While the hunt for her long-lost father takes them back through Abby’s childhood homes, they’re forced to question everything they’ve been taught and everyone they’ve ever trusted—including each other. After a desperate attempt to Heal Abby’s wound goes horribly awry, and with the demons they thought they’d lost hot on their heels, the star-crossed couple is forced to face some painful realities that will change life for everyone they know.

When Abby’s best friend is kidnapped by demons, Abby and Kye abandon their search and launch a rescue attempt that morphs into a battle, the outcome of which will determine if Abby and her friends have what it takes to rid the world of demons, or if the royal bloodline and the Gifted generation will be obliterated once and for all.




~ Amazon ~ Amazon UK


Snippet:

I close my eyes, too exhausted, too confused to seriously think about anything right now. And the truth is that more than anything else, I need to be held. Our lives have been turned upside down and inside out. We’ve left behind everything and everyone we’ve ever loved except each other—and we have no idea when we’ll see any of them again—if ever. He’s all I have, and I’m all he has. Regardless of past hurts and mistakes and issues, we’re going to have to learn how to let go and depend on each other, regardless of whether we want to be together the way I once thought we would.
              We’re going to have to figure out how to trust each other again.
              My lack of response has him sighing as he stands. “I’m going to take a shower. Do you need to get in the bathroom first?”
              “No, go ahead.” I don’t move except to turn my head and watch him go. Everything about him screams misery—frustration. I know the cure for his frustration could probably come from me.
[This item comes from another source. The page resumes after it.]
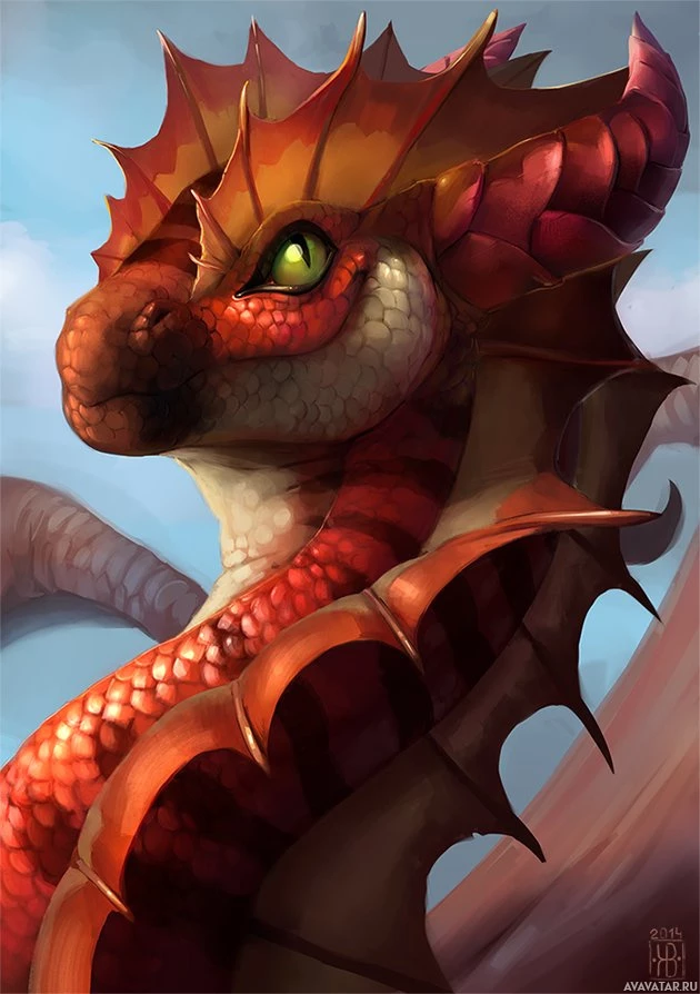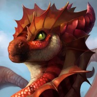 large eyes and spikes running along the top of its head. The dragon's expression seems to be one of curiosity or wariness. In front of the dragon, there are what appear to be wings extending outward from its back. The background appears to be

But I don’t know how to give it to him. Not in my current state of mind.
              When he comes out twenty minutes later with wet hair, wearing his flannel pajama bottoms and a T-shirt, I’m still lying in the same spot. He pauses next to me, a bemused expression lighting his eyes. “It’s all yours. If you want it.”
              Sighing wearily, I stand, expecting him to move, but he doesn’t, and his position leaves us close. “Abby,” he murmurs. “Talk to me. Tell me what you’re thinking. Please.”
              I shake my head, not because I don’t want to talk to him—I know, know, I need to. But I’m exhausted, and overwhelmed, and my brain is so full, I don’t even know where to start. His palm cups my cheek, and I lean into it, eyes closed. His relief is nearly palpable as we stand there, close enough to touch, and yet miles apart, because the contact of his skin on mine—even palm to cheek—still makes me quiver, heats my blood. And Kye feels it.

              Eventually, I cover his hand with mine and hold onto it as I step around him, keeping our fingers connected until I step into the already steamy bathroom and close the door.